## INSTRUCTIONS TO FOLLOW
Print exactly the lines from the one that contains "Figure 2c shows" through the last line of the material, both included, and leave out all pictures.
-------------------------
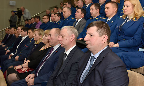 — Уважаемые коллеги, уважаемые соседи! Сердечно поздравляю с профессиональным праздником и новосельем! Я думаю, очень знаково, что вы расположены на улице имени Рекункова, который более 30 лет назад брал меня на работу и присваивал мне первый классный чин. Это говорит о том, что у нас с вами общая история. Мы бок о бок идем с вами по жизни. И тот же Рекунков, будучи молодым лейтенантом при форсировании Днепра в районе Рогачева, получил ранение. Сухарев Александр Яковлевич — один из генеральных прокуроров СССР — тоже на Лоевской земле при форсировании Днепра получил ранение. Вот так переплелись судьбы прокуроров, которые нас брали на работу. Сегодня говорили про санкции. Так вот, не волнуйтесь, Белоруссия 25 лет живет под санкциями и, слава Богу, здравствует и процветает! Я хочу сказать от имени белорусского прокурора, что мы сегодня с вами решаем одну задачу. К сожалению, преступность сегодня не имеет границ. Кто бы ни совершил преступление, гражданин Российской Федерации или Белоруссии, он должен сидеть в тюрьме. Наша задача — скоординировать работу так, чтобы преступники чувствовали, что понесут ответственность. Удачи вам, благополучия и счастья вашим семьям, с праздником!
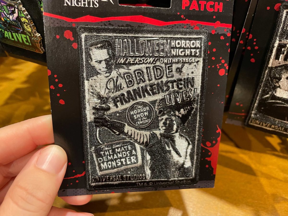 The Bride of Frankenstein takes center stage on this poster themed patch. We found this patch in the Universal Studios Store at CityWalk.
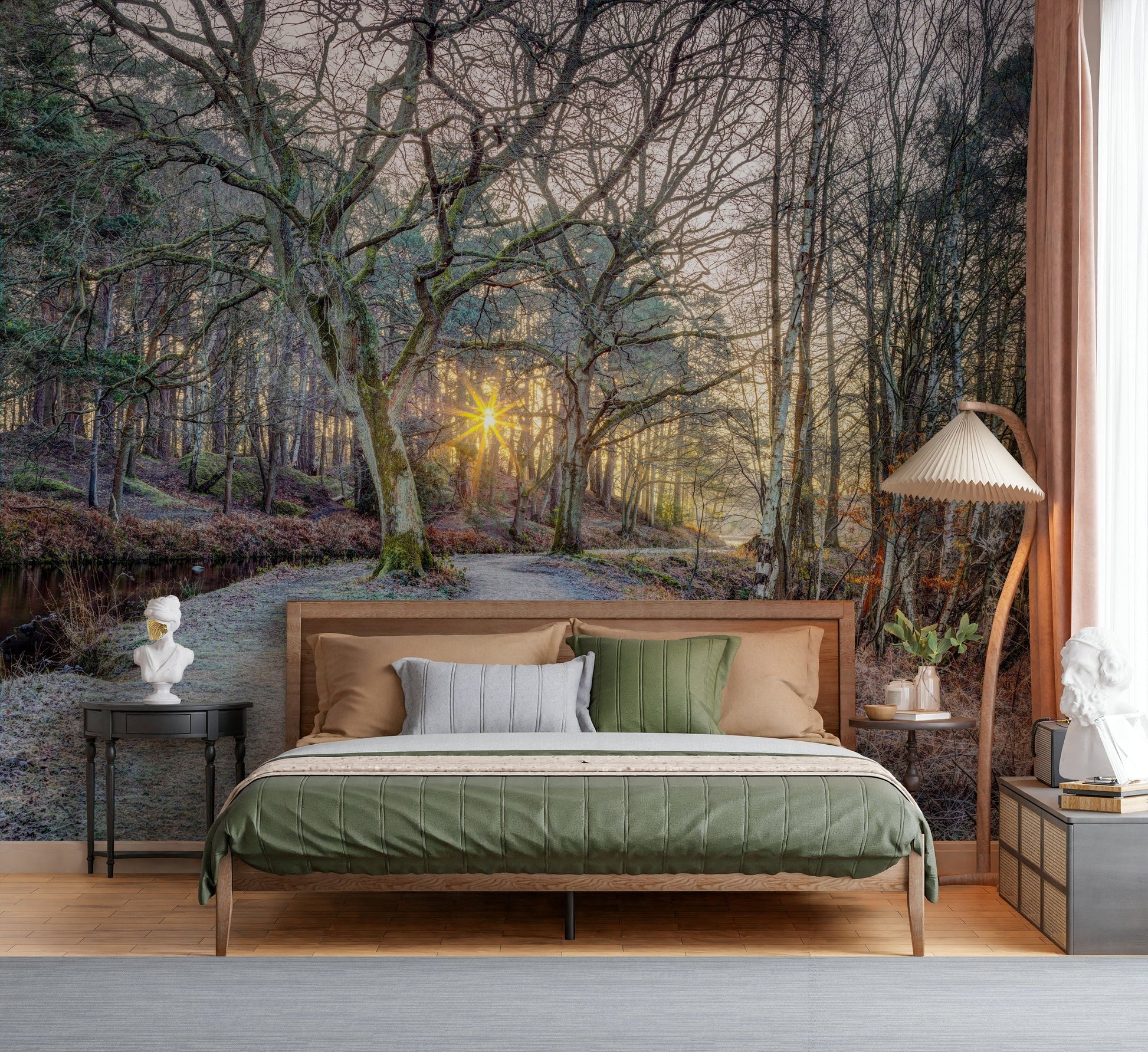 Canal in countryside with trees and pathway. Transform your space with 'Misty Woodland Glare', a captivating wall covering that evokes the serene beauty of a forest awakening. Imagine stepping into a world where the soft embrace of mist intertwines with the ethereal glow of dawn, casting a mesmerising glare through the skeletal branches of ancient trees. This artwork captures that precise moment of tranquil illumination, perfect for bringing a sense of peace and natural wonder to any room. The scene portrays a path, lightly kissed by frost, leading deeper into the woods, inviting contemplation and exploration. The delicate balance of light and shadow, the crisp air suggested by the frost, and the intricate detail of the bare trees create an immersive experience, adding depth and texture to your walls and transforming your living space into a calming woodland retreat.
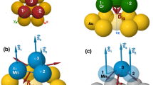 Figure 2c shows the distance-dependent strengths of Jiso, Janiso and D, whose components all display oscillations in the sign typical for RKKY interaction (see Fig. 2d). These sign oscillations, together with a rapid decrease in the strength of the RKKY interaction (Fig. 2c) and the relatively strong out-of-plane MAE of the fcc satellite atoms \({\cal{D}}_{\mathrm{a}} = - 0.19\,{\mathrm{meV}}\)25 and trimer \({\cal{D}}_{\mathrm{t}} = - 0.09\,{\mathrm{meV}}\)27 lead to an almost collinear spin orientation between trimer and satellite atom along the surface normal, which alternates between FM and AFM as their separation is varied. For complexes including hcp satellites, the experimental results (Supplementary Note 1) point towards a deviation of the atom’s spin orientation from the surface normal due to the in-plane MAE.
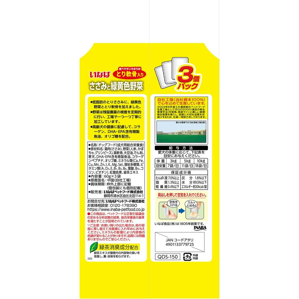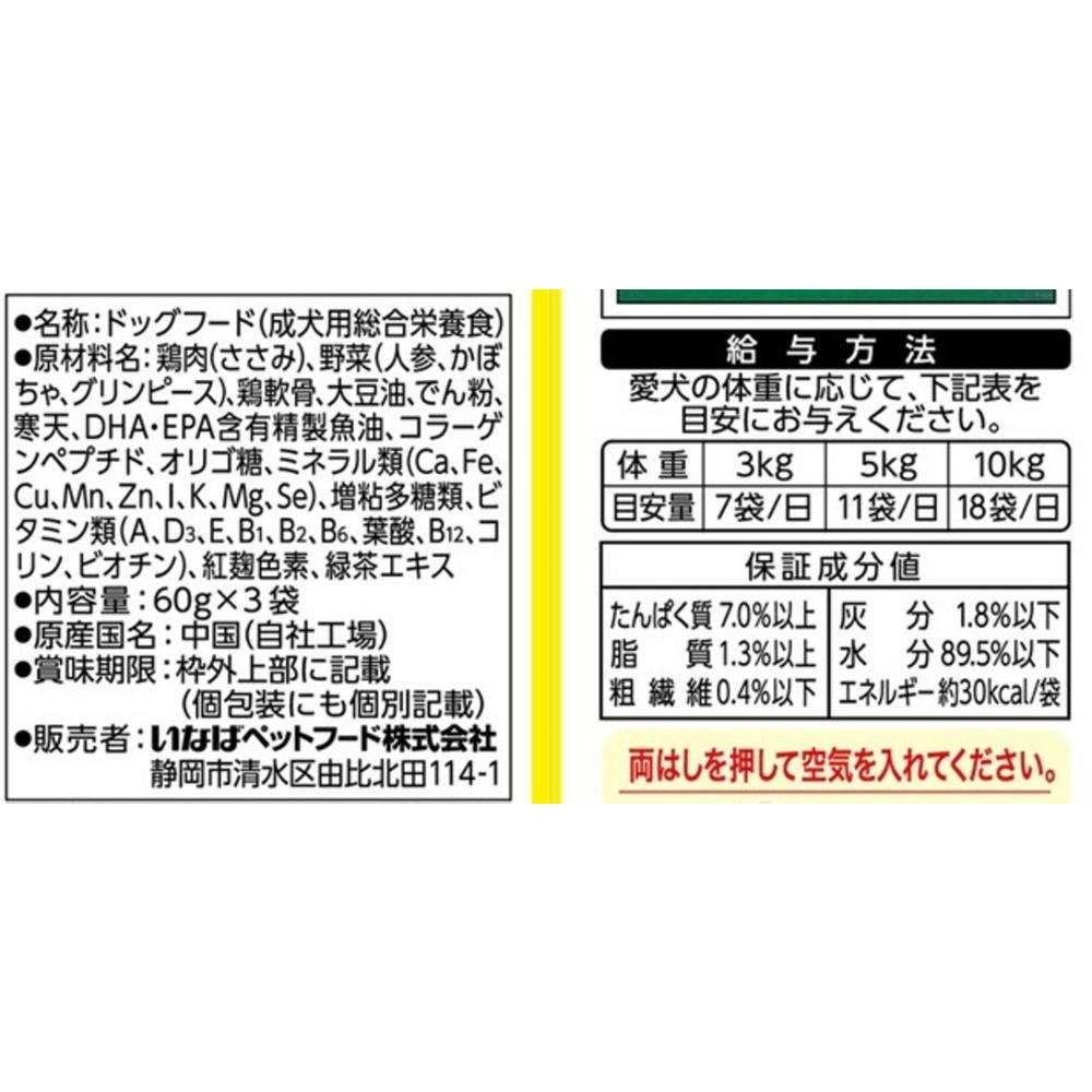 いなば ささみと緑黄色野菜 とり軟骨入り 14歳からの 3個パック 60g×3袋
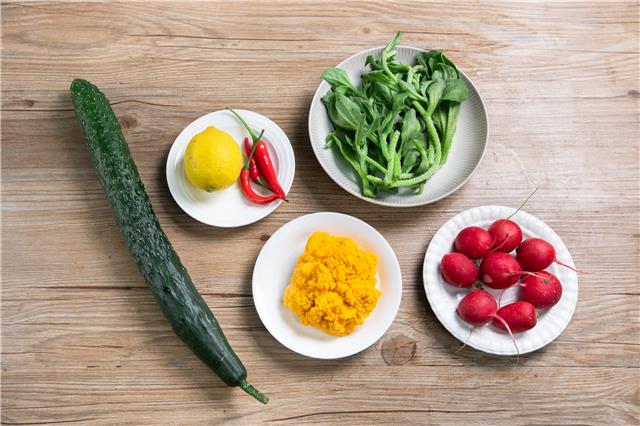 胭脂萝卜1碟 冰草1盘 黄瓜1根
-------------------------
## ANSWER TO THIS PROBLEM
 Figure 2c shows the distance-dependent strengths of Jiso, Janiso and D, whose components all display oscillations in the sign typical for RKKY interaction (see Fig. 2d). These sign oscillations, together with a rapid decrease in the strength of the RKKY interaction (Fig. 2c) and the relatively strong out-of-plane MAE of the fcc satellite atoms \({\cal{D}}_{\mathrm{a}} = - 0.19\,{\mathrm{meV}}\)25 and trimer \({\cal{D}}_{\mathrm{t}} = - 0.09\,{\mathrm{meV}}\)27 lead to an almost collinear spin orientation between trimer and satellite atom along the surface normal, which alternates between FM and AFM as their separation is varied. For complexes including hcp satellites, the experimental results (Supplementary Note 1) point towards a deviation of the atom’s spin orientation from the surface normal due to the in-plane MAE.
 いなば ささみと緑黄色野菜 とり軟骨入り 14歳からの 3個パック 60g×3袋
 胭脂萝卜1碟 冰草1盘 黄瓜1根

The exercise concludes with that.